La Cour des comptes épingle le « tarif agent » d’EDF
La Cour des comptes, dans un apport rendu public le 17 juillet, estime que le tarif préférentiel accordé aux salariés et retraités des opérateurs historiques d'électricité et de gaz pèse lourdement sur les comptes d'EDF SA. Les Sages qualifient cet avantage d’«avantage en nature énergie» et le jugent «un coût démesuré» pour la maison mère.
« L’avantage en nature énergie représente un coût démesuré, soit plus de 700 millions d’euros en 2024 à l’échelle du groupe... Il ne peut perdurer en l’état. »
Le dispositif concerne non seulement les salariés en activité mais aussi les retraités des entreprises issues des opérateurs historiques (EDF, GDF/Engie, ainsi que des filiales et distributeurs). La remise sur les factures d’électricité et de gaz est modulée selon la composition du foyer et le mode de chauffage et est soumise aux prélèvements sociaux (CSG et CRDS).
Montants et passifs : l’addition est lourde
La Cour fournit des ordres de grandeur qui expliquent la sévérité de ses conclusions. Pour 2024, elle évalue le coût du dispositif à plus de 700 millions d’euros pour l’ensemble du groupe.
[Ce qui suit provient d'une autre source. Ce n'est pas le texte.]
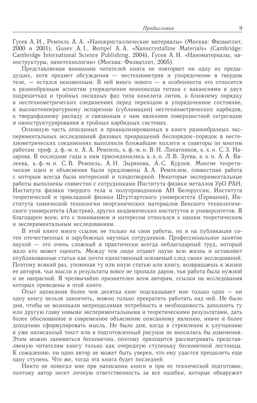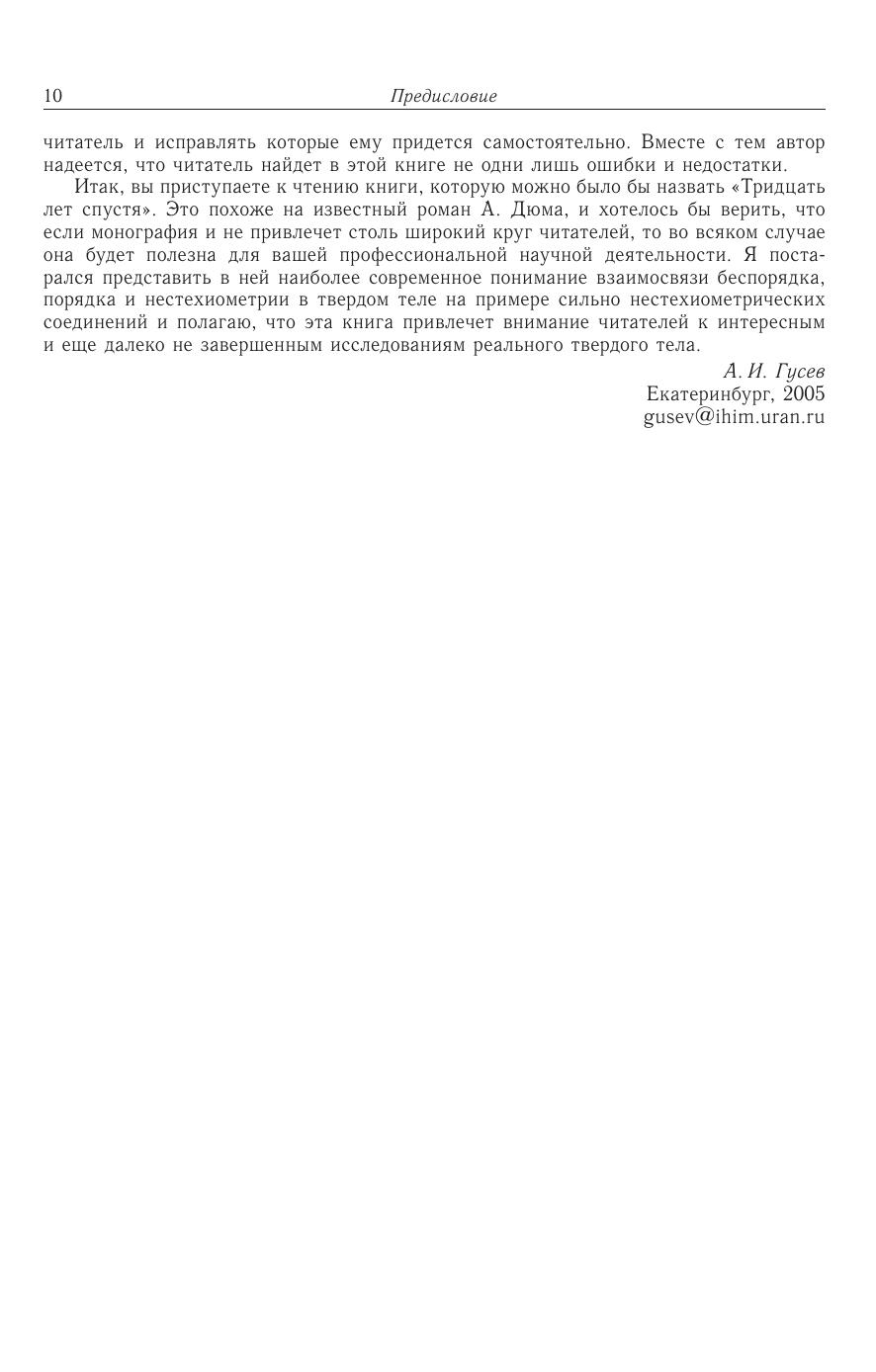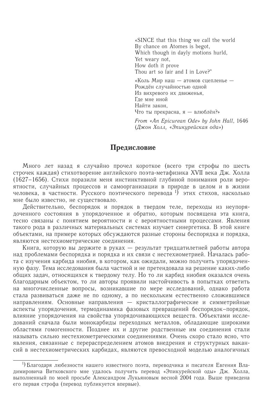 Нестехиометрия, обусловленная наличием структурных вакансий, широко распространена в твердофазных соединениях и создает предпосылки для неупорядоченного или упорядоченного распределения атомов и вакансий. Упорядочение и разупорядочение возможныв любых системах с замещением. К ним относятся рассматриваемые в книге сильно нестехиометрические соединения (карбиды, нитриды, оксиды переходных металлов и родственные им тройные соединения внедрения), металлические сплавыи твердые растворы замещения. Изложено современное состояние исследований структурных фазовых переходов порядокбеспорядок в нестехиометрических соединениях. Приведен обширный экспериментальный материал по структуре и свойствам неупорядоченной и упорядоченных фаз нестехиометрических соединений, соотношению между ближним и дальним порядком в упорядочивающихся сплавах, твердых растворах и нестехиометрических соединениях. Подробно рассмотрены результатысимм етрийного анализа превращений беспорядок-порядок, описаны основные методы расчета фазовых равновесий в системах с нестехиометрией, приведеныре зультатыра счетов равновесных фазовых диаграмм упорядочивающихся систем. Даны исчерпывающий анализ и объяснение влияния упорядочения на различные свойства сильно нестехиометрических соединений. Для специалистов в области теории фазовых превращений в твердом теле, в области физики и химии твердого тела и теоретического материаловедения.

Par ailleurs, la perception d’un maintien du droit après l'emploi a conduit à la constitution de passifs sociaux importants, chiffrés à 3,9 milliards d’euros à la fin 2024.
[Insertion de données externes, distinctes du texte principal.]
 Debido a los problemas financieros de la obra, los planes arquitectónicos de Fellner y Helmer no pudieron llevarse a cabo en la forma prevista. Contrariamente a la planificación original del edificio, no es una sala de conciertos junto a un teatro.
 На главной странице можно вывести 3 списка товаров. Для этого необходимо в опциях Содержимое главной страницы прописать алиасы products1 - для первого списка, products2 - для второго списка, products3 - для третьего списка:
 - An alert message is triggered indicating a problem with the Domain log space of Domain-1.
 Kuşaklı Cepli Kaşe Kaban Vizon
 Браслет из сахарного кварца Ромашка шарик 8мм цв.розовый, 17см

| Poste | Montant | Année |
|---|---|---|
| Coût annuel estimé du tarif agent (groupe) | > 700 M€ | 2024 |
| Passifs sociaux liés au maintien après emploi | 3,9 Md€ | fin 2024 |
Un conflit social en perspective
La publication du rapport intervient au moment où les quatre fédérations syndicales de la branche (CGT, CFE‑CGC, CFDT, FO) se réunissent pour discuter d’une mobilisation susceptible de défendre ce droit historique. Le gouvernement, de son côté, étudie des pistes pour réduire ou réformer le dispositif, après avoir reçu une mise en demeure de la Cour des comptes.
- Impact financier : la Cour estime que le maintien du tarif tel qu’il existe aujourd’hui n’est pas soutenable pour EDF SA, au regard des montants en jeu.
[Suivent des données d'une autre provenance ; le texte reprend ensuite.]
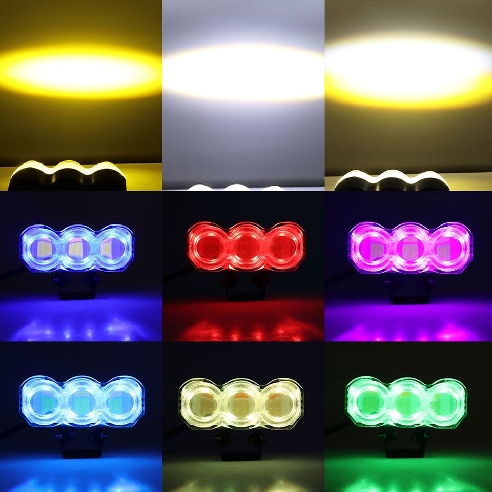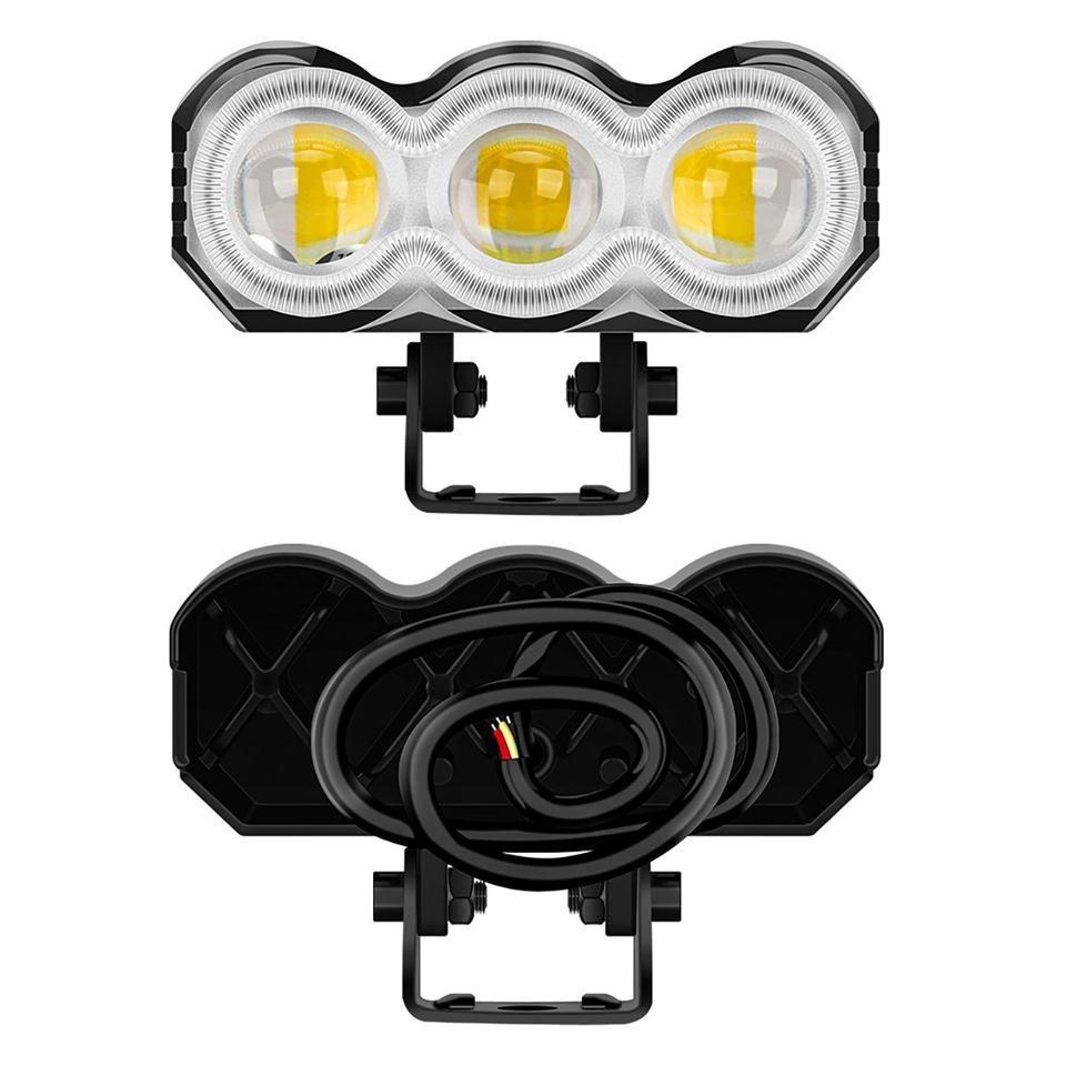 Projecteur LED externe haute luminosité pour moto, 3 lentilles, blanc, jaune, clignotant, anneaux lumineux multicolores, moto électrique

- Dimension sociale : plusieurs dizaines de milliers de salariés et retraités bénéficient du tarif, qui fait partie d’un ensemble de droits issus des statuts historiques.
- Conséquences politiques : toute remise en cause risque d’entraîner une forte mobilisation syndicale et d’ouvrir un débat plus large sur la solidarité interne aux opérateurs énergétiques.
Ce que cela signifie pour le consommateur et l’entreprise
Pour EDF, la remise en cause du tarif agent vise à alléger des charges récurrentes et des passifs comptables qui peuvent peser sur la capacité d’investissement et la compétitivité. Pour les bénéficiaires, une réforme entraînerait une hausse effective de leur facture d’énergie ou la transformation de cet avantage en une autre forme de compensation. Au-delà des montants, c’est la refonte possible d’un modèle social hérité du XXe siècle qui est engagée.
Le dossier reste sensible politiquement et socialement : l’exécutif devra concilier exigence de maîtrise des coûts publics et acceptabilité sociale, tandis qu’EDF devra expliquer comment elle entend financer ses objectifs industriels (nucléaire, renouvelables) sans se priver de marges de manœuvre budgétaires.